1. Company shall immediately pay Employee (i) any portion of Employee’s Base Salary accrued but unpaid through the Termination Date and (ii) all payments and reimbursements under Section 5 hereof for expenses incurred prior to such termination.
2. Employee shall be entitled to receive all vested benefits under Company’s otherwise applicable plans and programs.

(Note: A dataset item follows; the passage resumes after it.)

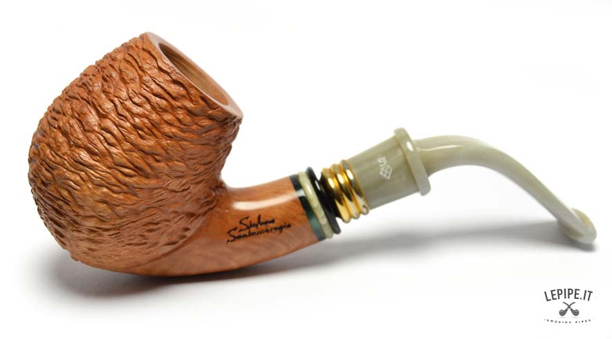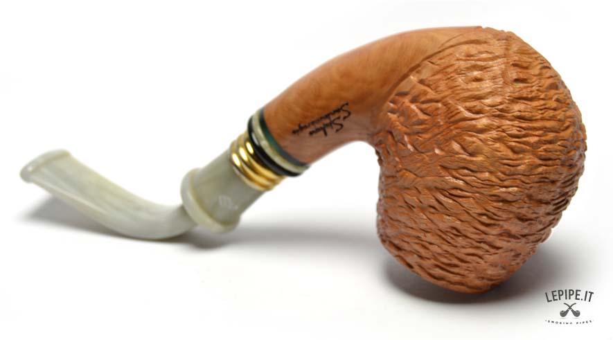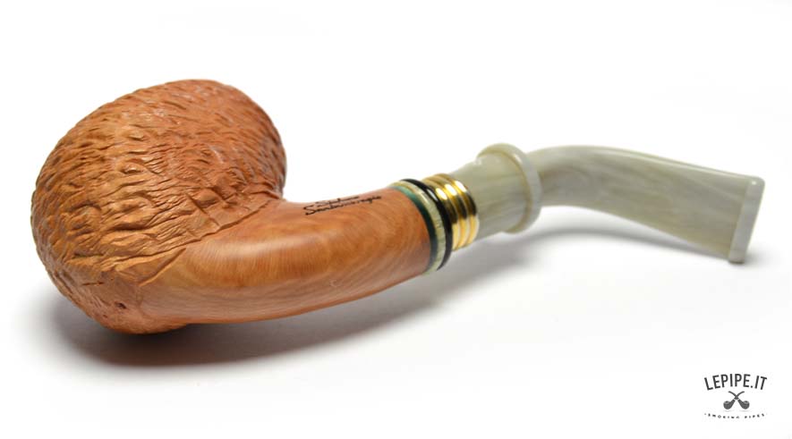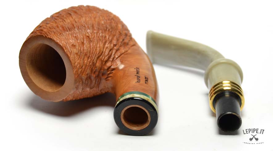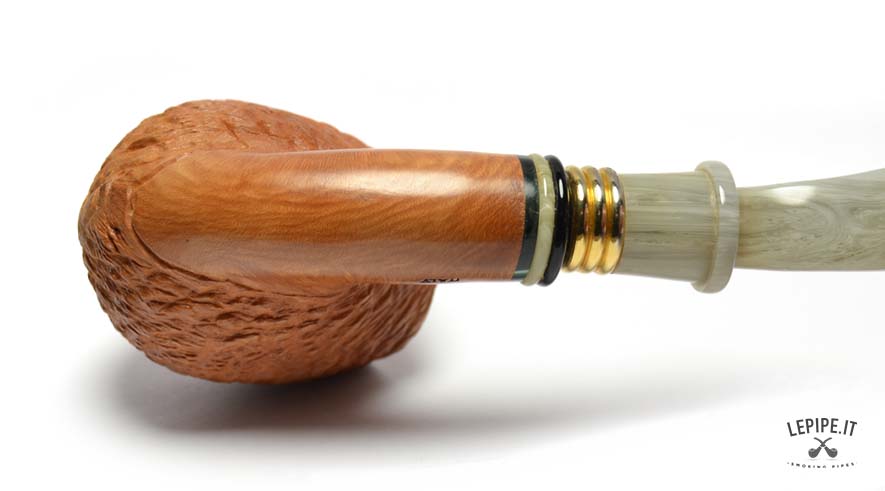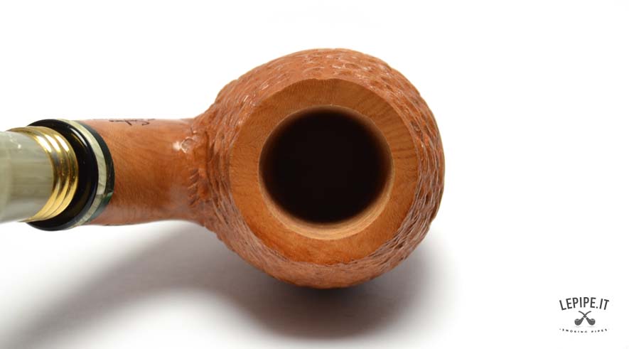 La finitura rusticata naturale conferisce alla pipa un aspetto distintivo, esaltando la venatura della radica e migliorando la presa. Il cannello liscio crea un contrasto elegante con il fornello, mettendo in evidenza la qualità della lavorazione.

(f) Conditions For Severance and Benefits Continuation Payments. Notwithstanding anything above to the contrary, any obligation of Company to provide the severance or benefits continuation payments under Sections 6(c)(3) and 6(c)(4) (and the corresponding payments under Sections 6(d)) above shall be contingent upon (1) Employee executing a general release in a form attached hereto as Exhibit A and such release becoming irrevocable prior to the 60th calendar day after the Termination Date, and (2) Employee strictly complying with the terms of this Agreement, the Confidentiality Agreement (defined below) and any other written agreements between Company and Employee, including without limitation Employee’s compliance with the obligations under Sections 8 and 9 below that survive the termination of Employee’s employment.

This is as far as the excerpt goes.